Nothing speaks to the phrase “Be astonished” more than our recent trip to Lake Manyara National Park. On Saturday, we piled into the camp’s Land Cruisers to spend a day rolling through forest, grassland, and lake-shore to conduct our first field exercise. Our two hours observing the behavior of baboons allowed us to see our classroom lecture on primate behavior in real life. For most of us, however, the day’s highlight came from our first glimpse of Tanzanian wildlife: giraffes, elephants, wildebeest, hippos, impala, zebras, dik-diks, and countless other animals we’d only seen in the zoo. I was nearly moved to tears by a herd of elephants that passed so close to our vehicle I could have reached out to touch them: babies playfully eating leaves, mothers concernedly shepherding their young, and an older elephant whose wrinkled eye stared straight at me and practically seemed to speak of years of joy and grief and witness. As we drove back to camp in the sunset at the end of the day, I felt like we’d finally really arrived; Tanzania is becoming home.

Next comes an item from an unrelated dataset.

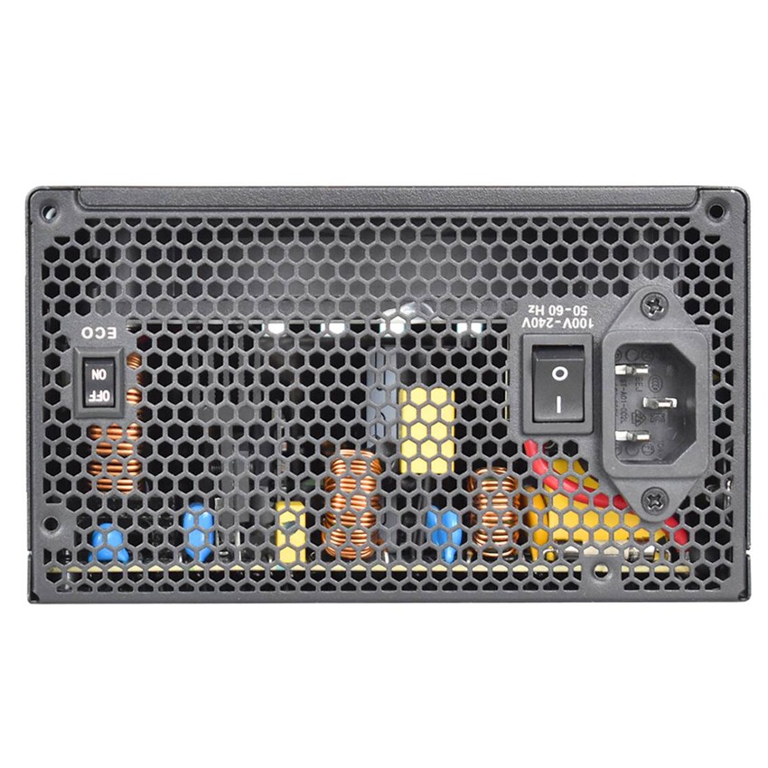 Especificaciones Potencia total: 550 W Voltaje de entrada AC: 100 - 240 Frecuencia de entrada AC: 50 - 60 Potencia combinada (3,3 V): 110 W Potencia combinada (+12 V): 549,6 W Potencia combinada (+5 V): 110 W Potencia combinada (-12V): 6 W Potencia combinada (+5 VSB): 15 W Corriente máxima de salida (+3.3V): 20 A Corriente máxima de salida (+12V): 45,8 A Corriente máxima de salida (+5V): 20 A Corriente máxima de salida (-12V): 0,5 A Corriente máxima de salida (+5Vsb): 3 A Eficiencia: 85% Funciones de protección de poder: Sobreintensidad, Sobretensión, Sobrevoltaje, Sobrecalentamiento, Cortocircuito, Bajo voltaje Diámetro de ventilador: 13 cm Número de ventiladores: 1 Ventilador(es) Ubicación de ventilador: Superior Tipo de enfriamiento: Activo Alimentador de energía para tarjeta madre: 24-pin ATX Conectores de poder (4 pin) periferales (Molex): 3 Longitud del cable de alimentación de la placa base: 60 cm Número de conectores de energía SATA: 6 Longitud del cable de alimentación SATA: 700,500,600 mm Longitud del cable de alimentación periférico (Molex): 700,500,600 mm Conectores de poder PCI Express (6 + 2 pin): 2 CPU conector de alimentación (4 +4 pines): Si Longitud del cable de alimentación CPU: 60 cm Conector de poder floppy: 1 Tipo de cableado: Modular Utilizar con: PC Factor de forma de fuente de alimentación (PSU): ATX Nivel de ruido: 35 dB Nivel de ruido (modo de carga completa, 100%): 35 dB Tiempo medio entre fallos: 100000 h Color del producto: Gris Intervalo de temperatura operativa: 0 - 40 °C Profundidad: 150 mm Altura: 85 mm Certificación 80 PLUS: 80 PLUS Bronze Acorde RoHS: Si Certificación: TUV, CB, CE, FCC, RCM, cTUVus, WEEE

So what about Oliver’s last command? Our instructions don’t stop at “Pay attention” and “Be astonished.” We are called to “Tell about it.” Many of us are already struggling to find words to capture the experience of seeing this wildlife in its natural habitat in a corner of the world unlike anything we’ve experienced at home. Through the lens of environmental conservation, our ability to communicate our experience takes on special weight. How can we convey the need to fight against poaching to people who have never looked an elephant in the eye? How can we translate what we’ve learned about local solutions to resource use in order to be ambassadors of sustainability back home? Pictures can help. Writing can help. This is a question we will wrestle with throughout the rest of our time here in Tanzania and a question that will follow us home. In the meantime, we’ll practice greeting each day with astonishment and attention, making the most of the time we have left.